**YOUR GOAL:** Only the lines from the top of the listing below to the line that has "Beautifully decorated w/" should be echoed, with both ends kept and pictures left out.

**GIVEN DATA:**
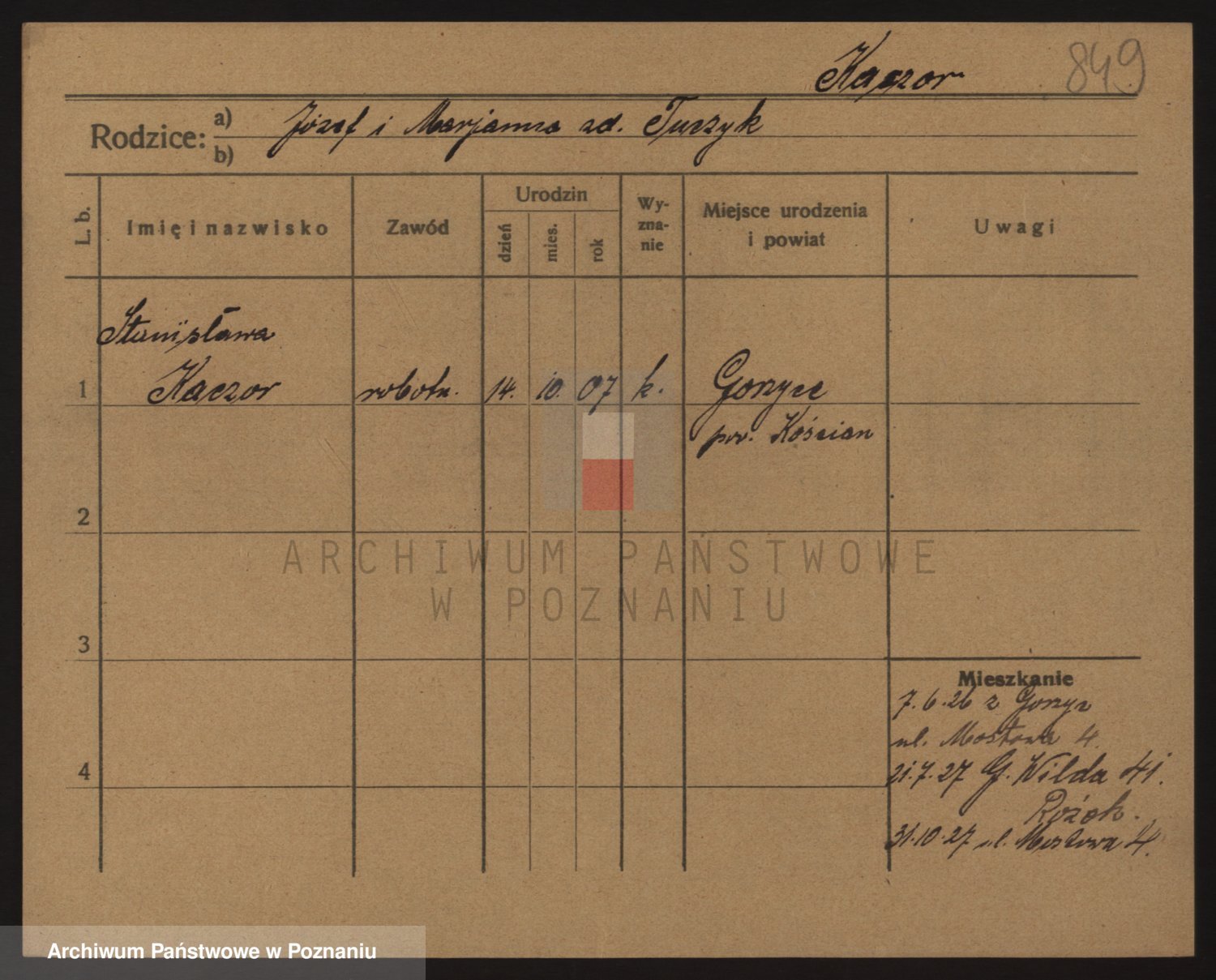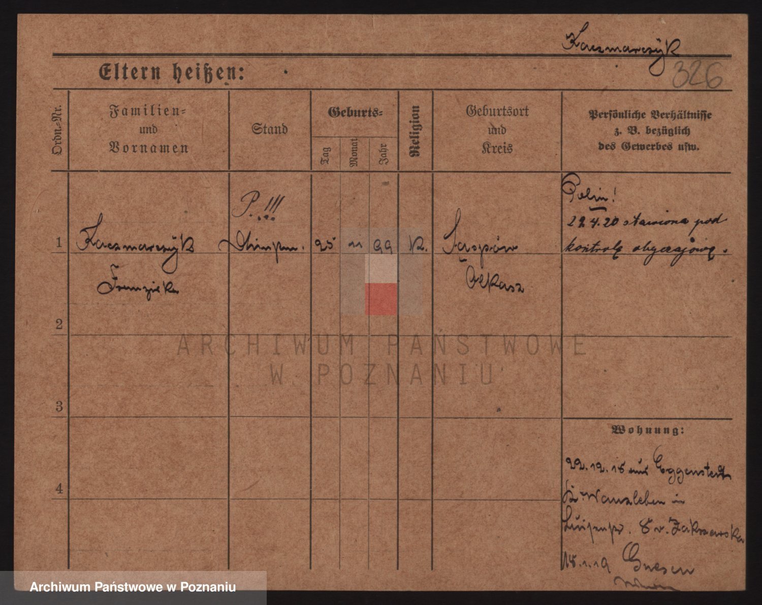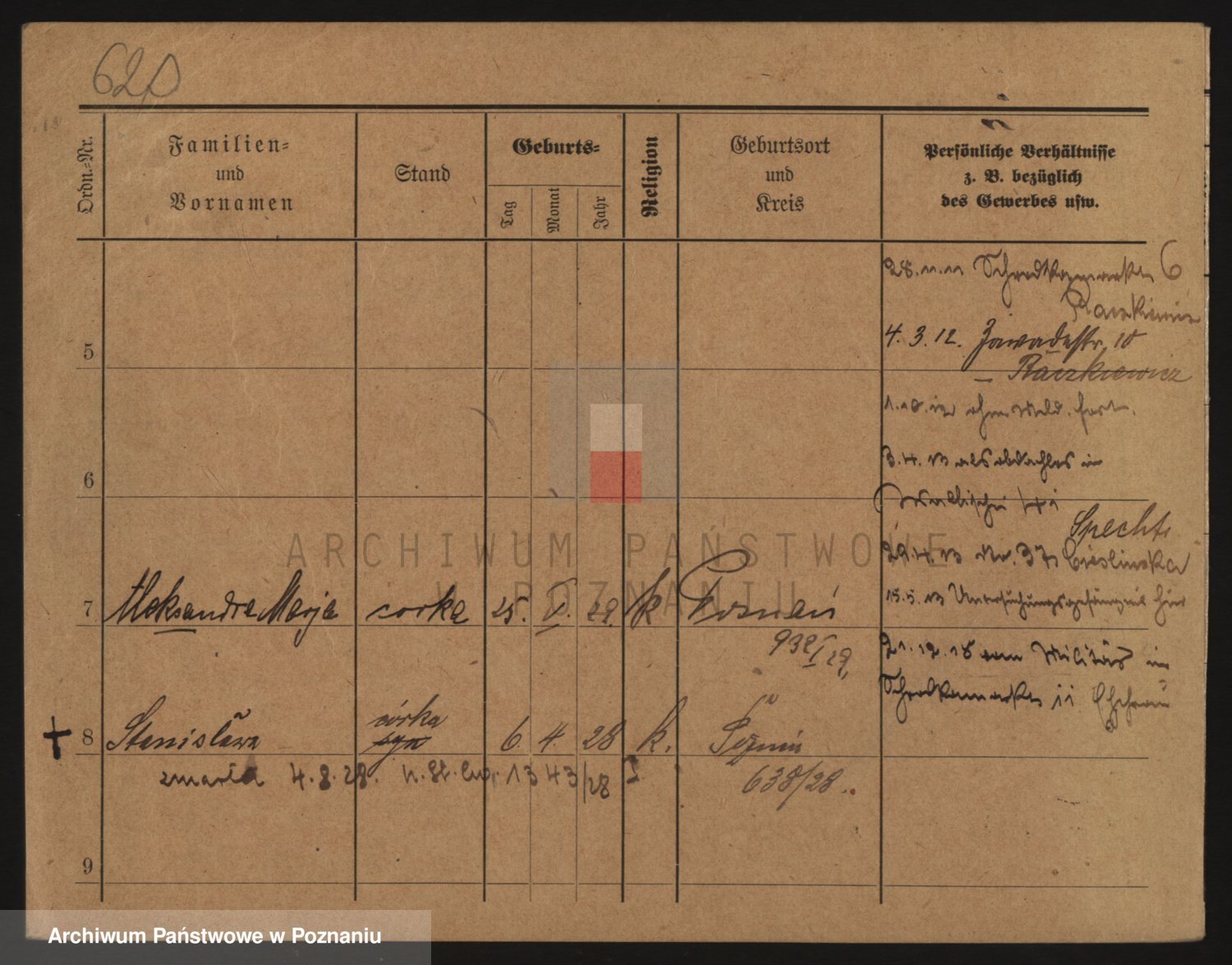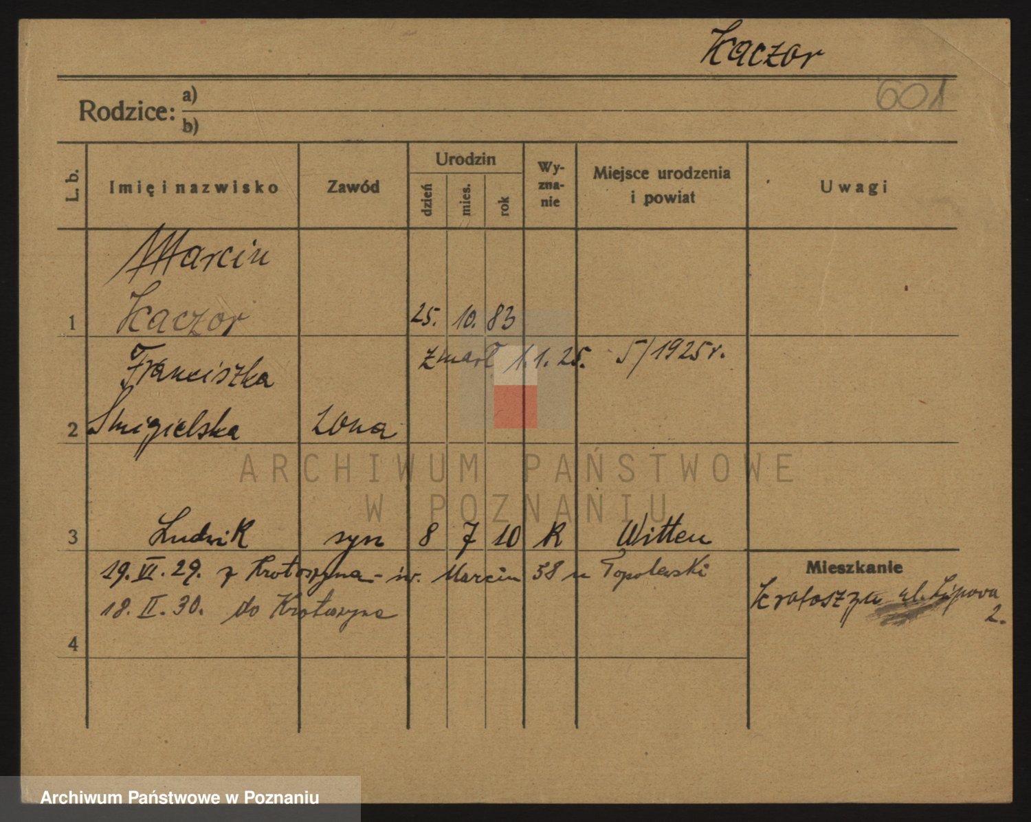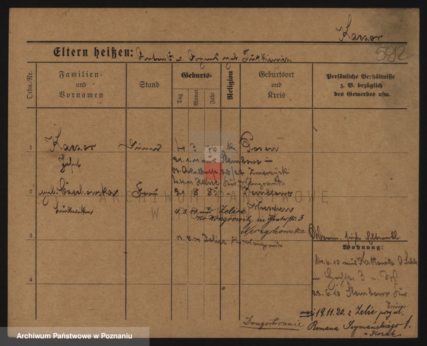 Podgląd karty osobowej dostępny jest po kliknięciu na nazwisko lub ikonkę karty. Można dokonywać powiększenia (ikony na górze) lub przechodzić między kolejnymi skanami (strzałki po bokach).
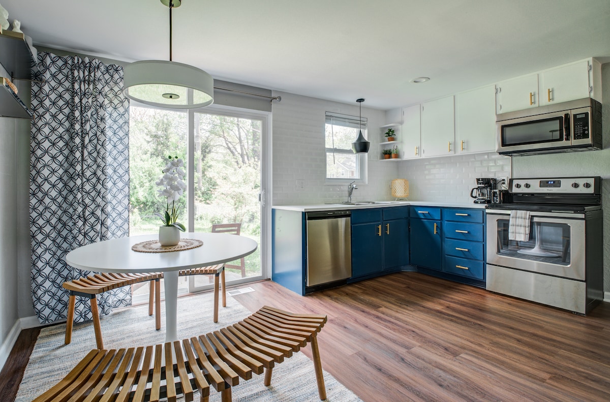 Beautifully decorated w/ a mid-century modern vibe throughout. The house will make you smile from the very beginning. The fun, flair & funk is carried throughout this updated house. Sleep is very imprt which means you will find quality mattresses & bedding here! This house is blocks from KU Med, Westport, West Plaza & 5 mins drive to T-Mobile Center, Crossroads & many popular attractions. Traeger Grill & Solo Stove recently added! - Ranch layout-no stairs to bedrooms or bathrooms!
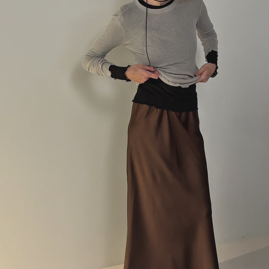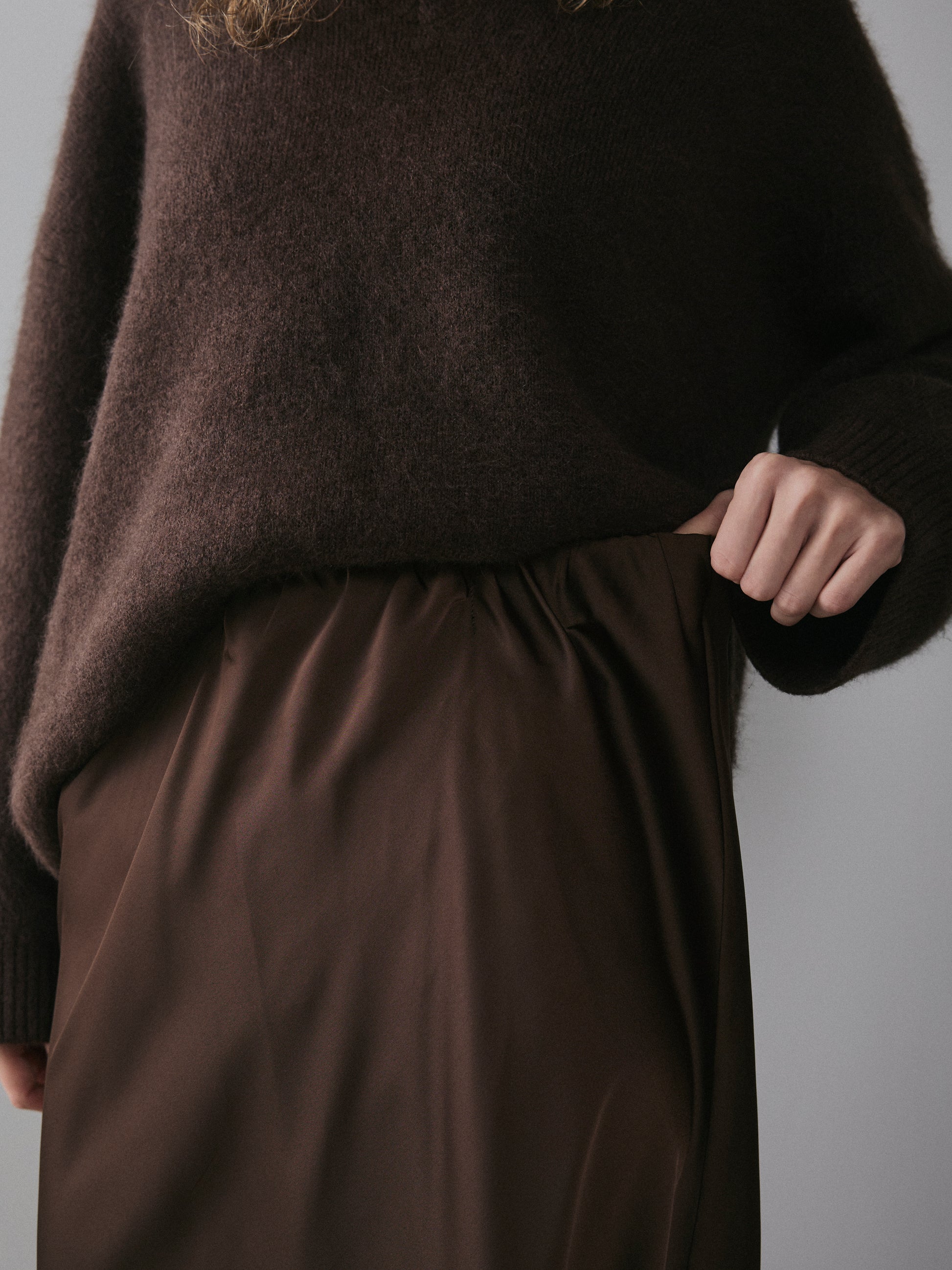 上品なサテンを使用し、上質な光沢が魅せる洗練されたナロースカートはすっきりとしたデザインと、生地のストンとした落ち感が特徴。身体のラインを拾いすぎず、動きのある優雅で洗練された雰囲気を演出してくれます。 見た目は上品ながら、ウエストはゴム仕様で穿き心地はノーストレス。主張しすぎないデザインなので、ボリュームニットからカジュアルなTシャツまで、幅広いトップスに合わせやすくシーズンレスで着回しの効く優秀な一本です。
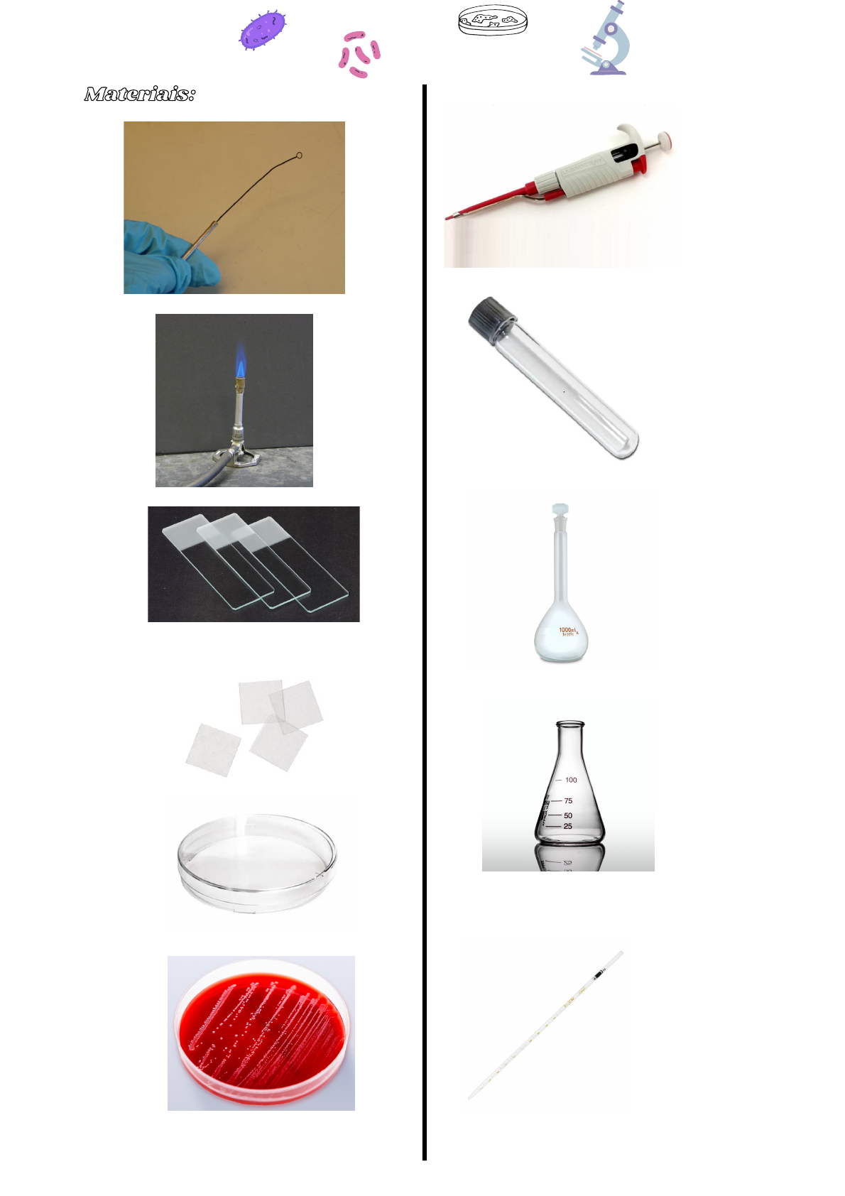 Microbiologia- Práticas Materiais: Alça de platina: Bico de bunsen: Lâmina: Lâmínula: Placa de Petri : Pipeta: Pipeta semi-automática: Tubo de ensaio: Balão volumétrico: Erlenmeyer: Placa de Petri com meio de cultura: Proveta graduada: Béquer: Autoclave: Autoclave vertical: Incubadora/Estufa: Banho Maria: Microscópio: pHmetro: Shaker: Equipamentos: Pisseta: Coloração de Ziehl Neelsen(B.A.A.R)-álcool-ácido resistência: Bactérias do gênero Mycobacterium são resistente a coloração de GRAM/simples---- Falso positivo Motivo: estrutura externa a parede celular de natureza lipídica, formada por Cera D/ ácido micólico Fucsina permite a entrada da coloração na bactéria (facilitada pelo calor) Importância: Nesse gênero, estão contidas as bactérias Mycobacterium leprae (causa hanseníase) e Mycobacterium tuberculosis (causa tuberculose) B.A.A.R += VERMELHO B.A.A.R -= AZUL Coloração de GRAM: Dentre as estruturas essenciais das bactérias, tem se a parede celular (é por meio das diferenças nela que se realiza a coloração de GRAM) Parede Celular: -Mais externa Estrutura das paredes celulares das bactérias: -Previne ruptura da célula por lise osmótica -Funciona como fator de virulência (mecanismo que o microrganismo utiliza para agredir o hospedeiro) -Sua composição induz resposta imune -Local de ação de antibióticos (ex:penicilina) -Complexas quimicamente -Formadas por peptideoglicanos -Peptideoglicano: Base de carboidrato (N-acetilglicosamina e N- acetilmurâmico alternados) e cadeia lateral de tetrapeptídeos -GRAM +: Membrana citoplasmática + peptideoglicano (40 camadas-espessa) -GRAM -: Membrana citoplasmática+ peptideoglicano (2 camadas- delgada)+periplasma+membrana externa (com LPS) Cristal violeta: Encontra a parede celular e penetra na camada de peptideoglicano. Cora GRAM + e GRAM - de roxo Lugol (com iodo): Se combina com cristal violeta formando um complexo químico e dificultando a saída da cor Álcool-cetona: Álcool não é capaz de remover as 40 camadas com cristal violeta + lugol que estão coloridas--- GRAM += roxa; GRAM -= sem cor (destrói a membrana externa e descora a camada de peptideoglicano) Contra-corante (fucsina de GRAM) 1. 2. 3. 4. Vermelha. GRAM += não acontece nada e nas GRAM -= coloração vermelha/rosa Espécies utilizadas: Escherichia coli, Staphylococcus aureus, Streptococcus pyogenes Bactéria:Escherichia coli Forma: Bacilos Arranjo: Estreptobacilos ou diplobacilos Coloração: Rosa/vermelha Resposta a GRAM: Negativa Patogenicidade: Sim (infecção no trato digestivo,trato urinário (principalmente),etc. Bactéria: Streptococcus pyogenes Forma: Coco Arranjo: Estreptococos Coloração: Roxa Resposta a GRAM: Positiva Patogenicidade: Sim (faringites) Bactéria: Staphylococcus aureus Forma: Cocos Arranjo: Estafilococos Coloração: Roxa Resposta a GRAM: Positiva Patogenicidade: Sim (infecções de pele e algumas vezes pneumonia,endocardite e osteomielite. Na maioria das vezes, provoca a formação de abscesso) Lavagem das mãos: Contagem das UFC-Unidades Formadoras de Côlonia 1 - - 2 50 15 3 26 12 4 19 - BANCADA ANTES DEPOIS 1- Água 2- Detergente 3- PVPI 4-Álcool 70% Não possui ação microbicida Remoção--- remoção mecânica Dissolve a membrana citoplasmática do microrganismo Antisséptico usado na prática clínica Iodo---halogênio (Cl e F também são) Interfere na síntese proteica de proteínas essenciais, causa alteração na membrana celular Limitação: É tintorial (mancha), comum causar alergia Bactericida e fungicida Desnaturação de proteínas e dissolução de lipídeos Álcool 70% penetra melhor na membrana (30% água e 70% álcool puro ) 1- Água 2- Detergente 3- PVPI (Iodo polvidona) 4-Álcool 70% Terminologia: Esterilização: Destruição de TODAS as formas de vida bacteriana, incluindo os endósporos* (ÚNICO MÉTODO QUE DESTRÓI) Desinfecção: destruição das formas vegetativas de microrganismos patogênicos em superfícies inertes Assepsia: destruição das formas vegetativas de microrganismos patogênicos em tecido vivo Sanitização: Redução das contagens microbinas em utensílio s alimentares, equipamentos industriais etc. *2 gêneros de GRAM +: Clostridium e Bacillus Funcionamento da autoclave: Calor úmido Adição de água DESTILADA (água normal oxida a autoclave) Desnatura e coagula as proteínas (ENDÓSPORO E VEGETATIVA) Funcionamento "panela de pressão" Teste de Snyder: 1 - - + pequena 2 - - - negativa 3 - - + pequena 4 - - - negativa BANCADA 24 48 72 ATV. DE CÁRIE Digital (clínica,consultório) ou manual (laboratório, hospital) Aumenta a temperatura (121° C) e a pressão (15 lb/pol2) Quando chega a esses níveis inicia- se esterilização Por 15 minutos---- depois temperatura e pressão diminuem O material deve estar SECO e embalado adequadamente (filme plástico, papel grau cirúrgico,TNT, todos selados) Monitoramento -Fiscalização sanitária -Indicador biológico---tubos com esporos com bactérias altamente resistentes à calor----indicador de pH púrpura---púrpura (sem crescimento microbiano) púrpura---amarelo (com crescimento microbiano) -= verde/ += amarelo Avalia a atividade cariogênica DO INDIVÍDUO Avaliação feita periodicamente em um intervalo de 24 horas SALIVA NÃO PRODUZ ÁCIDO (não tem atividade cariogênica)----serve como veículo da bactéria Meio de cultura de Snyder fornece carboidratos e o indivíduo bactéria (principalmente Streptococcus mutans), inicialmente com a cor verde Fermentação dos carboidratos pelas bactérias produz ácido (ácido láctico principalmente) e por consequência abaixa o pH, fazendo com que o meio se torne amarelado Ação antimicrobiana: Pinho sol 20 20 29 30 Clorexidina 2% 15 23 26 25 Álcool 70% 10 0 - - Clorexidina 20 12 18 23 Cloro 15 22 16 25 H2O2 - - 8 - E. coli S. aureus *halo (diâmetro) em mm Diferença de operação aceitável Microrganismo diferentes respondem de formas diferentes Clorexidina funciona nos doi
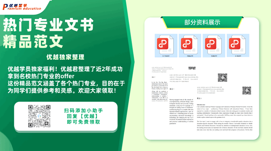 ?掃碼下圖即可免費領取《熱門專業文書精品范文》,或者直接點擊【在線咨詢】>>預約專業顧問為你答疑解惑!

**SOLUTION:**
 Podgląd karty osobowej dostępny jest po kliknięciu na nazwisko lub ikonkę karty. Można dokonywać powiększenia (ikony na górze) lub przechodzić między kolejnymi skanami (strzałki po bokach).
 Beautifully decorated w/ a mid-century modern vibe throughout. The house will make you smile from the very beginning. The fun, flair & funk is carried throughout this updated house. Sleep is very imprt which means you will find quality mattresses & bedding here! This house is blocks from KU Med, Westport, West Plaza & 5 mins drive to T-Mobile Center, Crossroads & many popular attractions. Traeger Grill & Solo Stove recently added! - Ranch layout-no stairs to bedrooms or bathrooms!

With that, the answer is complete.